- Genre: Crime; Drama;
- Based on: The Big Easy by Daniel Petrie Jr.
- Developed by: Jacqueline Zambrano
- Starring: Tony Crane; Barry Corbin; Eric George; Susan Walters; Leslie Bibb;
- Composers: David Torkanowsky; Joseph Vitarelli;
- Country of origin: United States
- Original language: English
- No. of seasons: 2
- No. of episodes: 35

Production
- Executive producers: Larry Jacobson; Sonny Grosso; Daniel Petrie Jr.; Robert De Laurentiis; Jacqueline Zambrano;
- Producers: Blue André; David Calloway;
- Production locations: New Orleans, Louisiana, United States
- Camera setup: Film; Single-camera
- Running time: 60 minutes
- Production companies: Grosso-Jacobson Productions; ITC Entertainment; PolyGram Filmed Entertainment;

Original release
- Network: USA Network
- Release: August 11, 1996 – October 12, 1997

= The Big Easy (TV series) =

American crime drama television series

The Big Easy is an American crime drama series that was based on the 1987 film of the same name.

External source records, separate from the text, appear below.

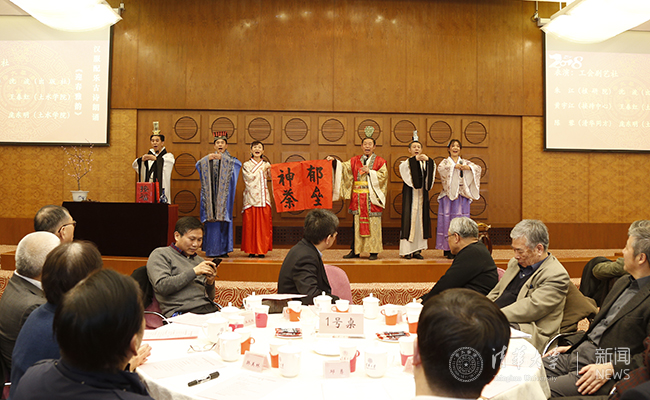 在茶话会现场,来自校工会剧艺社的汉服配乐古诗朗诵《迎春雅韵》、离退休教职工京剧队的京剧选段《贵妃醉酒》、学生艺术团交响乐队的弦乐四重奏《梁祝》、工会教师合唱团的《山楂树》《映山红》等节目纷纷登场,为全校师生送上诚挚的新年祝福。
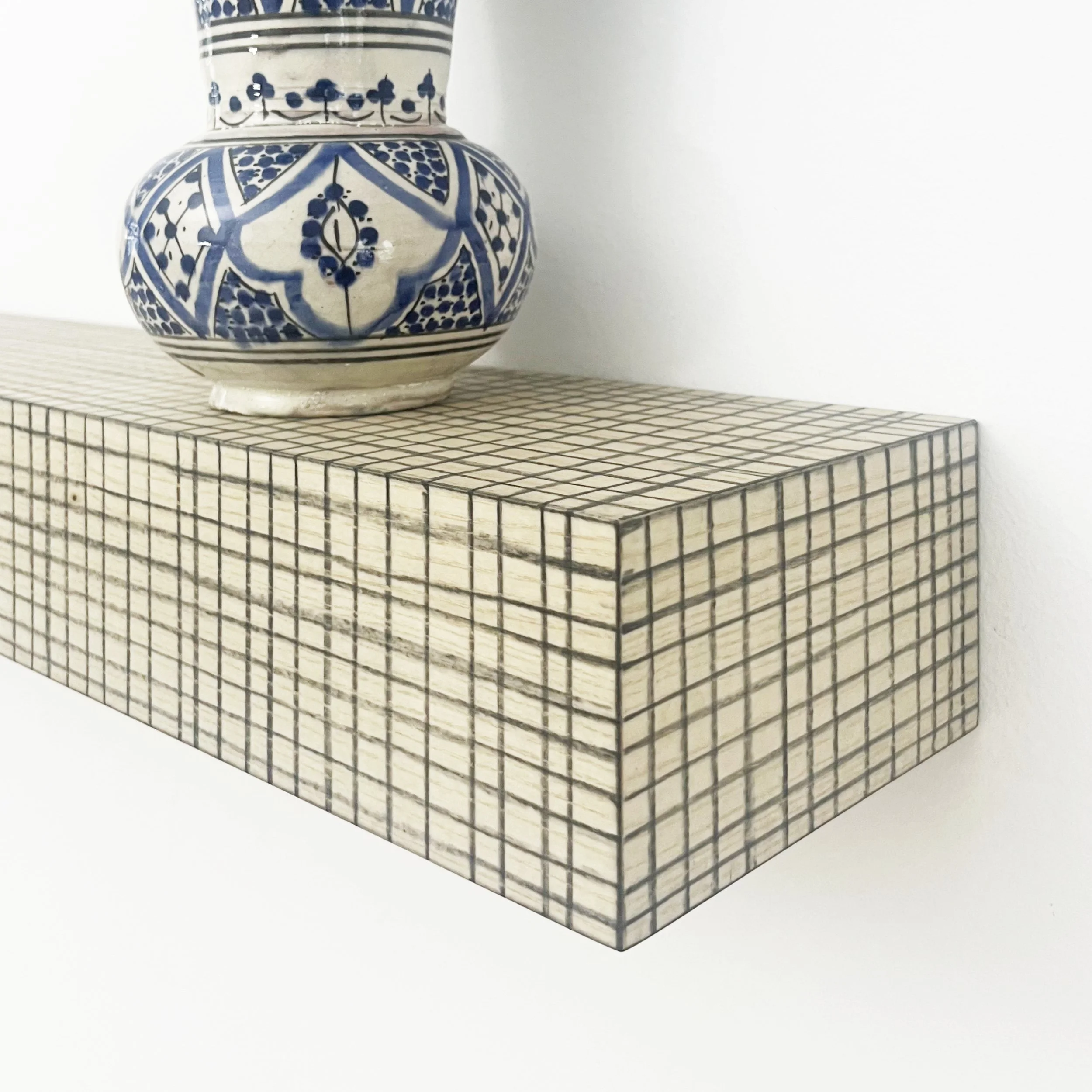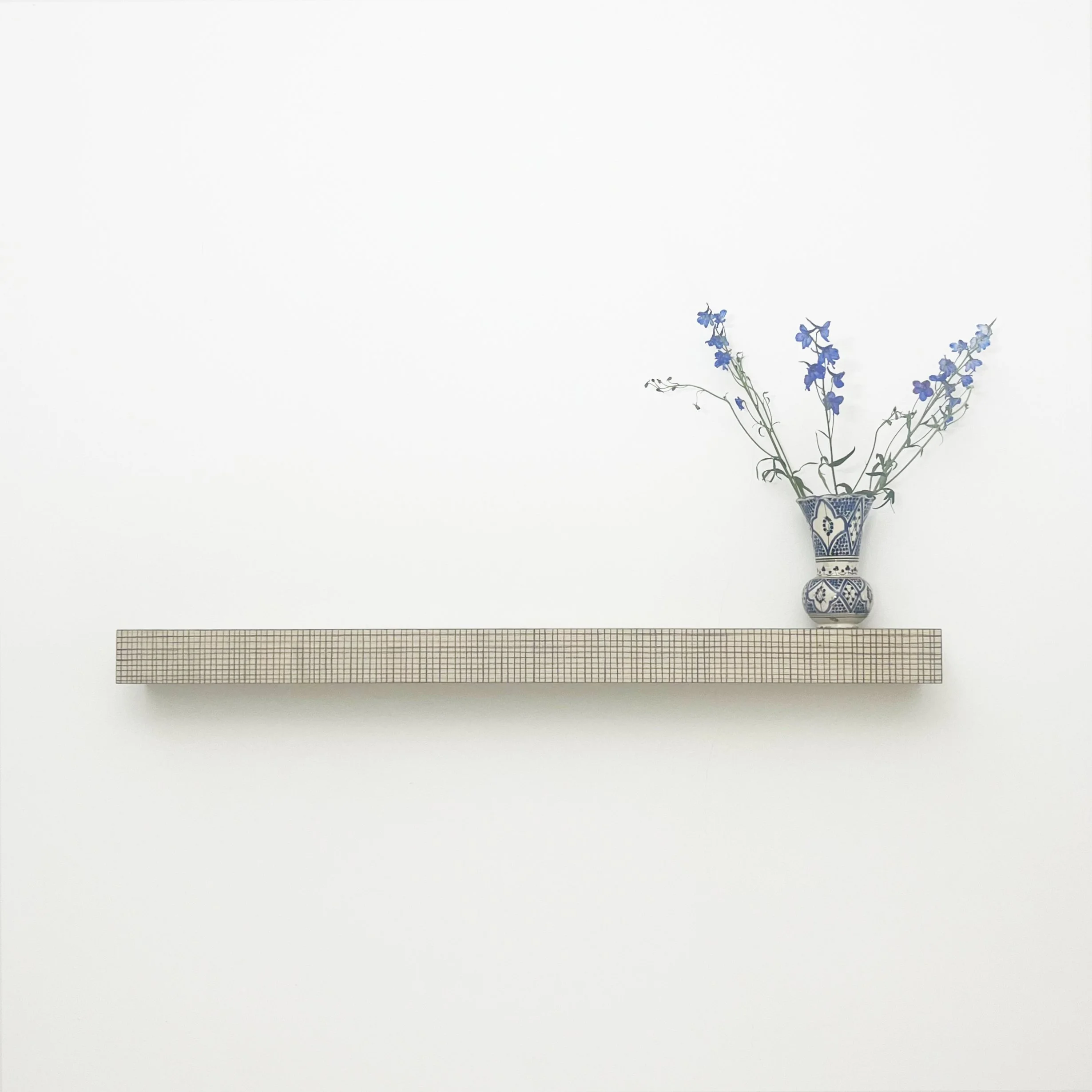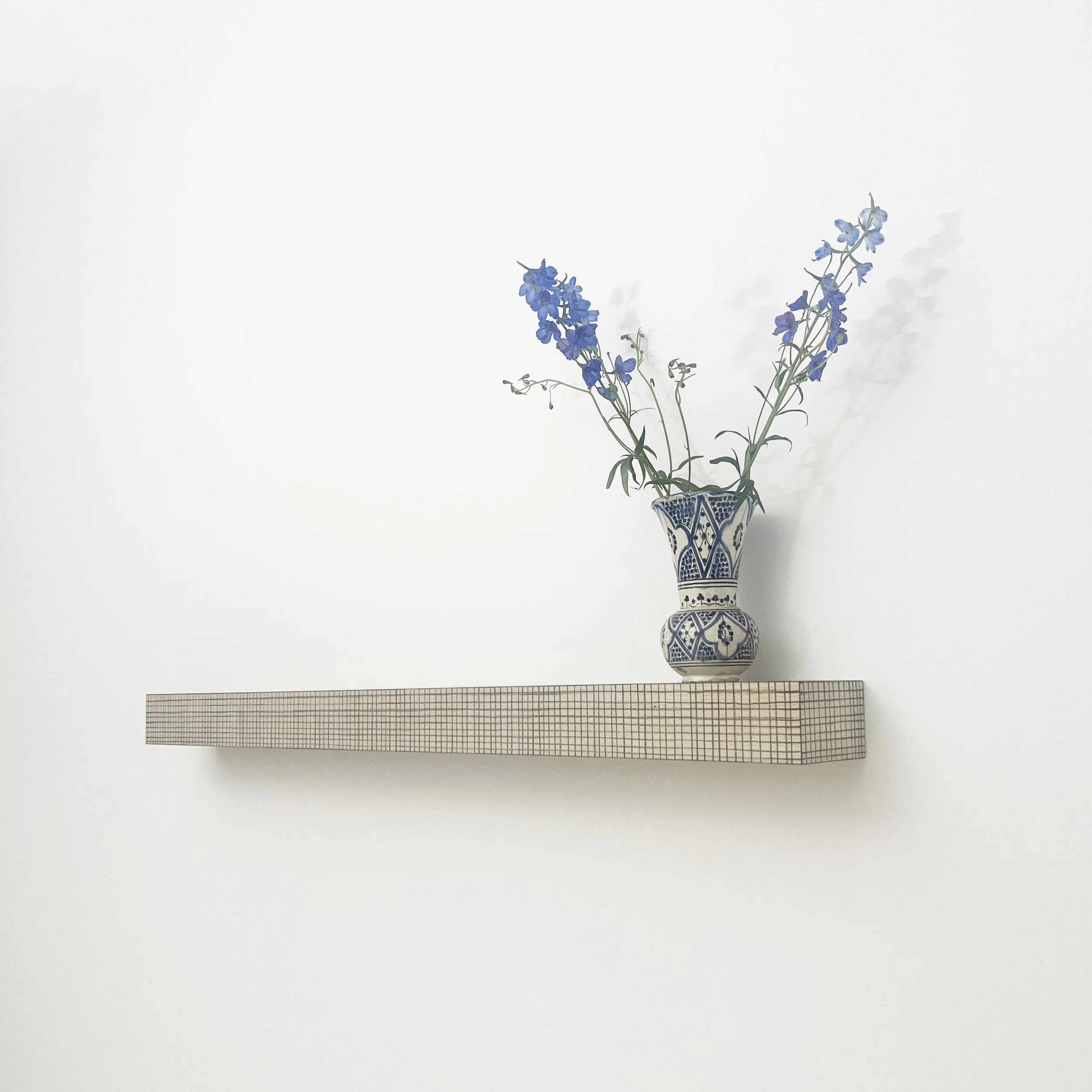 Wandobject, betekend met hand getrokken houtskool lijntjes. Het balkje op de foto is (b x d x h): 1300 x 140 x 90 mm. Andere maten mogelijk.
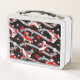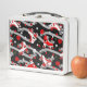 Rockabilly Retro Roller Skaten derby  Muster Lunchbox. Kirschen, Rose, Skate und Würfel auf grauem Band und zartem Polka-Punkt-Hintergrund.
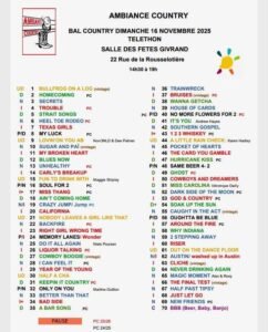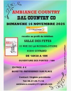 Le Dimanche 16 Novembre 2025, Après Midi Bal Country, chez *Ambiance Country*, de 14h30 à 19h00, Salle des Feres de la Rousselotiere, à Givrand (85800), Vendée.
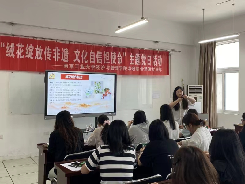 为弘扬中华优秀传统文化,提升党员对非物质文化遗产的认识和保护意识,增强文化自信,6月14日上午,申搏sunbet本研联合第四党支部在博学楼622教室开展“绒花绽放传非遗,文化自信担使命”主题党日活动。
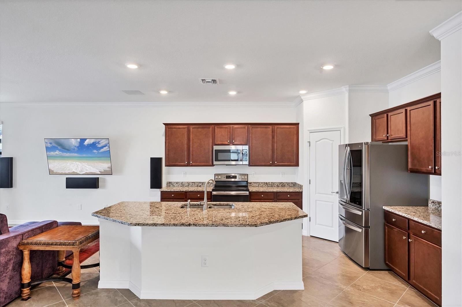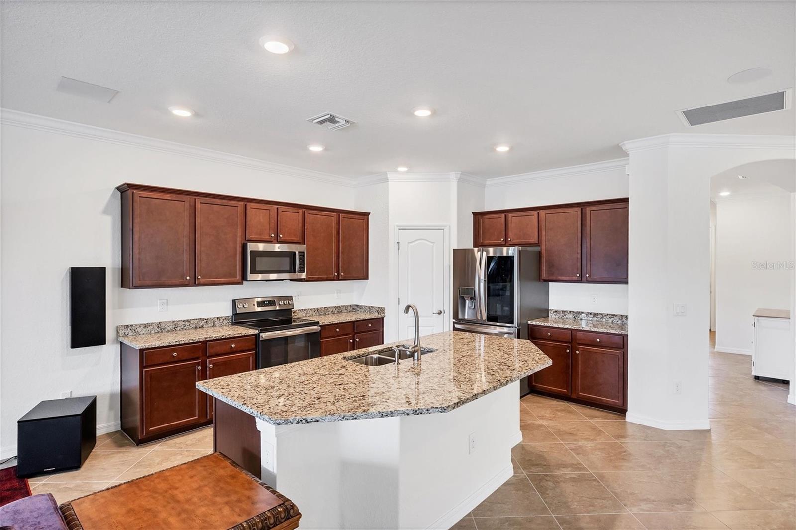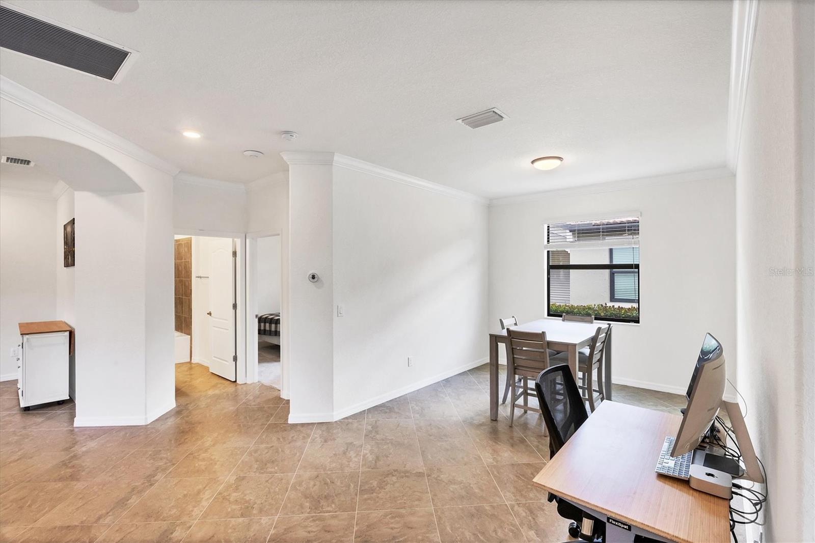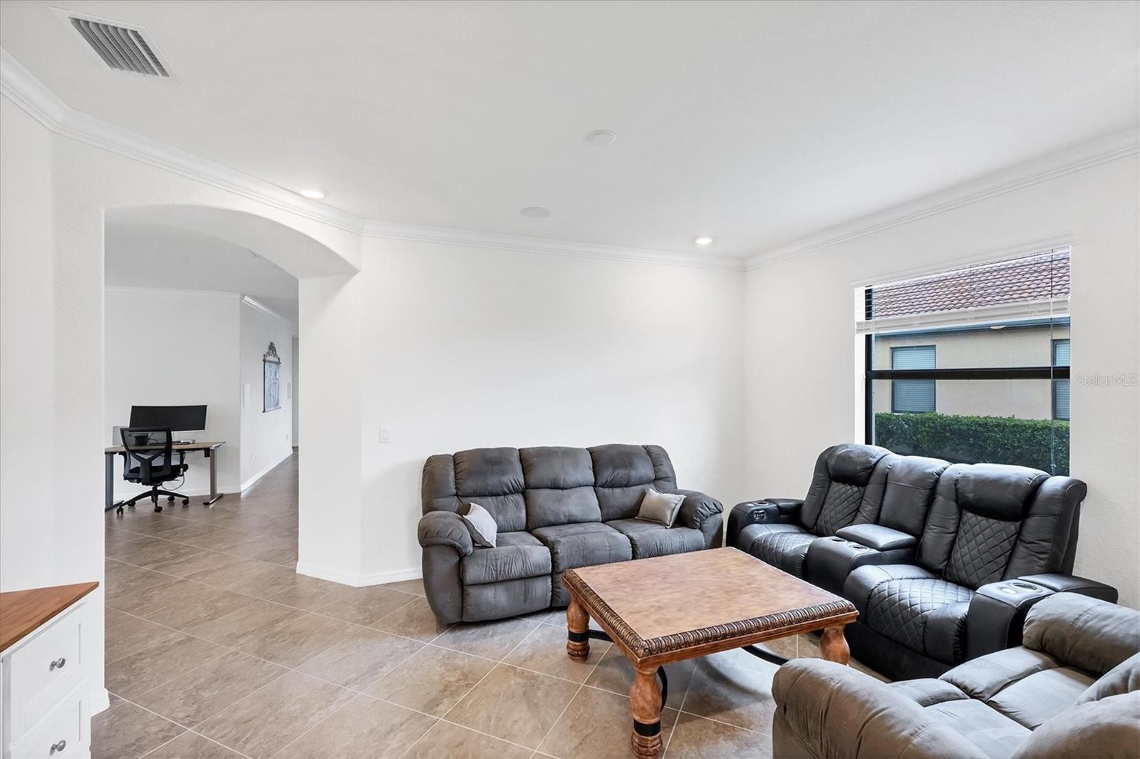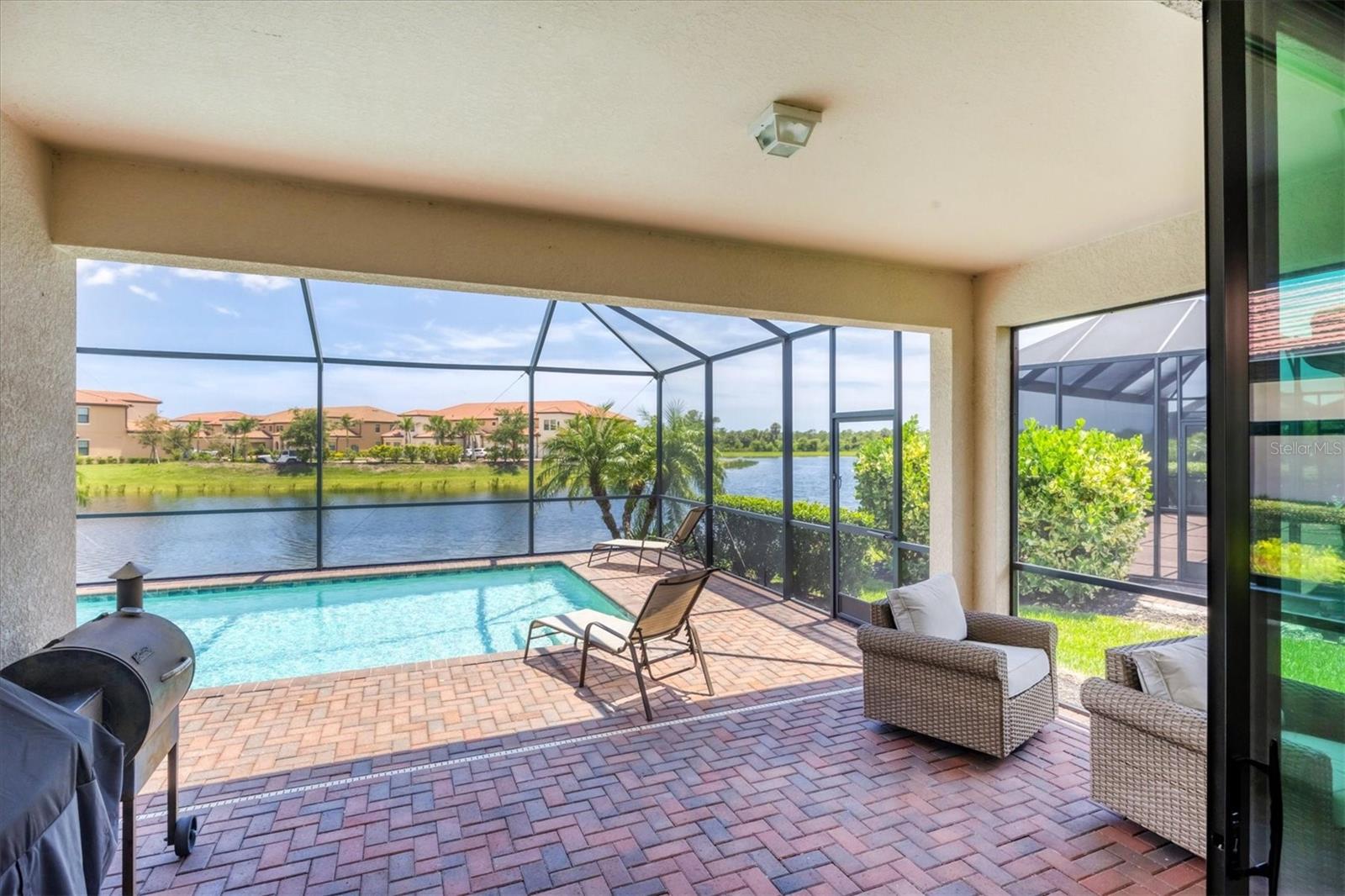 TRULY SPECTACULAR VIEWS!! Private pool and lanai overlooking lake views in all directions. SOUTHWEST EXPOSURE for sun all day long. PAVERED LANAI SURROUNDS SOLAR HEATED POOL. Looking for a little relaxation in the shade- sit on your front porch- a great place for reading a book and watching or engaging with the neighbors walking by. This Milan floor plan has 2BR/2BA and a SEPARATE FLEX ROOM that has multiple uses and can be whatever you prefer. Often used as an office space or den with a pull out sofa for extra guests. The large open great room is the heart of the home, combining living room, kitchen, and dining room areas together for cozy gathering or all out entertaining space. The whole home is enhanced with a Neutral, Warm decor, high ceilings, crown molding, and 8 foot doors. Gourmet kitchen offers GRANITE counters, STAINLESS STEEL appliances/upgraded refrigerator, extra recessed lighting, and Island perfect for eating breakfast or setting out hors d'oeuvres and wine. Tile flooring throughout the main rooms with carpets in the 2 bedrooms only. Spacious en suite master bedroom with 2 WALK IN CUSTOM BUILT closets. Master bath has dual sinks and walk in shower. Large Guest bedroom at other end of home for privacy. Separate laundry room with wash sink. HURRICANE SHUTTERS. Not in Florida to see it in person? Go to the 3D Walkthrough at : https://my.matterport.com/show/?m=heBGDXv4DTf Sarasota National is Venice's premier community, offering over 1,300 acres of preservation, conservation, lakes, and open spaces with breathtaking views. As an Audubon International Certified Sanctuary, it provides the perfect backdrop for the community's 18-hole championship golf course. Enjoy resort-style amenities, including a huge pool and spa, Tiki Bar, tennis courts, pickle ball, bocce courts, a 7000 sq. ft. fitness center, a 30,000 sq. ft. clubhouse with dining and incredible views, and a coffee lounge/library/card room/meeting place. Plus, there's a day spa for relaxation. The community is just minutes from the new Wellen Park shopping area and Atlanta Braves stadium, with Venice Beach and downtown Venice only a short drive away. Whether you enjoy dining, shopping, or outdoor activities, this location has it all. Live the Florida lifestyle and make every day feel like a vacation! Schedule your tour today! BE AWARE, hitting the "contact agent"button on Zillow or 3rd party websites will NOT take you to the person who has the house on the market. SEE THIS GREAT HOME TODAY and FIND YOUR FLORIDA LIFESTYLE!
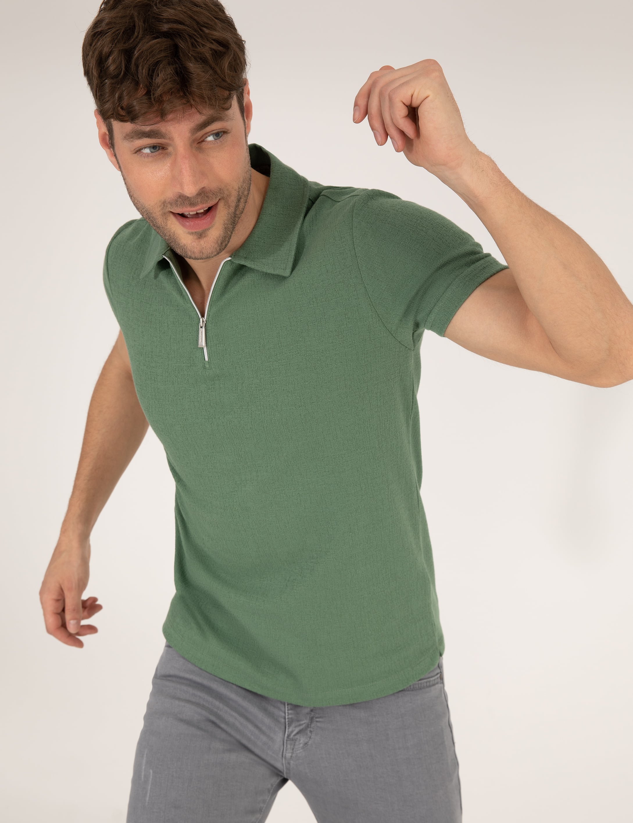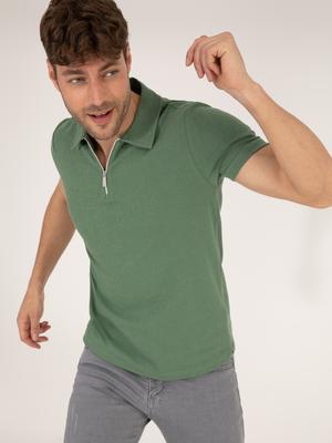 - Haki Slim Fit Fermuarlı Polo Yaka Tişört

The show premiered on the USA Network on August 11, 1996. Tony Crane played New Orleans police detective lieutenant Remy McSwain, Susan Walters played state district attorney Anne Osbourne, and Barry Corbin played police chief C.D. LeBlanc. It was developed by Jacqueline Zambrano, based on the characters created by Daniel Petrie Jr., who wrote the screenplay to the film and also was the executive producer of the series. Thirty-five episodes were broadcast over two seasons.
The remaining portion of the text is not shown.